Deze zaak is al eerder door de voorzieningenrechter beoordeeld. De voorzieningenrechter wijst erop dat zij in deze zaak de beslissing op bezwaar beoordeelt en niet het primaire besluit van 26 februari 2025. De burgemeester heeft de motivering en onderbouwing van het besluit aangepast en nieuwe feiten aan het besluit ten grondslag gelegd, om zo het primaire besluit te verbeteren.

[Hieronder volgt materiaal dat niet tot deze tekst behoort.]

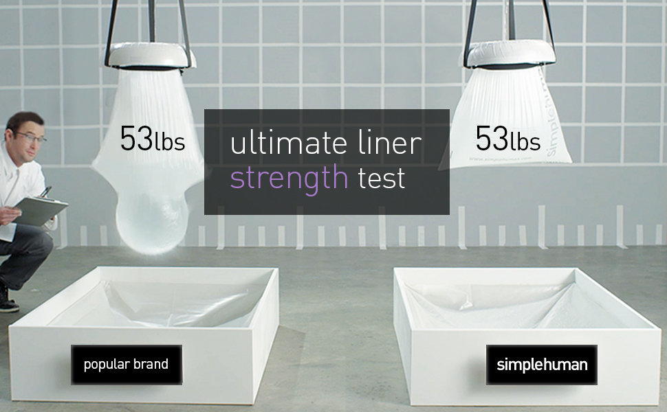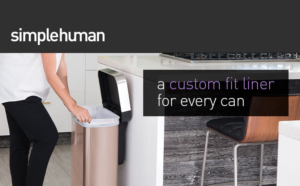 Custom Fit Liners: simplehuman liners are tailored to perfectly fit simplehuman cans so they don't slip and the bag stays completely hidden when the lid is closed. Extra durable plastic and thick double seams prevent rips and tears Convenient drawstring handles are easy to lift, tie and carry Handy dispenser packs have a perforated opening for easy dispensing |

Dat maakt dat, hoewel het toetsingskader hetzelfde is, de uitkomst van de juridische toets die de voorzieningenrechter in deze zaak doet wezenlijk anders kan zijn dan bij de beoordeling van het primaire besluit.
4.2.
De wettelijke regels en beleidsregels die van belang zijn voor deze zaak, staan in de bijlage bij deze uitspraak.
Wat is er besloten?
5. In het bestreden besluit heeft de burgemeester besloten het bezwaar ongegrond te verklaren, maar het besluit van 26 februari 2025 niet voor de volle duur van zes maanden te effectueren. De reeds verstreken periode vanaf het primaire besluit wordt op de feitelijke sluitingsduur in mindering gebracht. Formeel is dus nog steeds besloten om [bedrijf] voor zes maanden te sluiten. De resterende periode van sluiting is echter beperkt tot 1 juli 2025 tot en met 26 augustus 2025 om 17:00 uur.
Inhoudelijke beoordeling
Is er sprake van een (dreiging van) verstoring van de openbare orde?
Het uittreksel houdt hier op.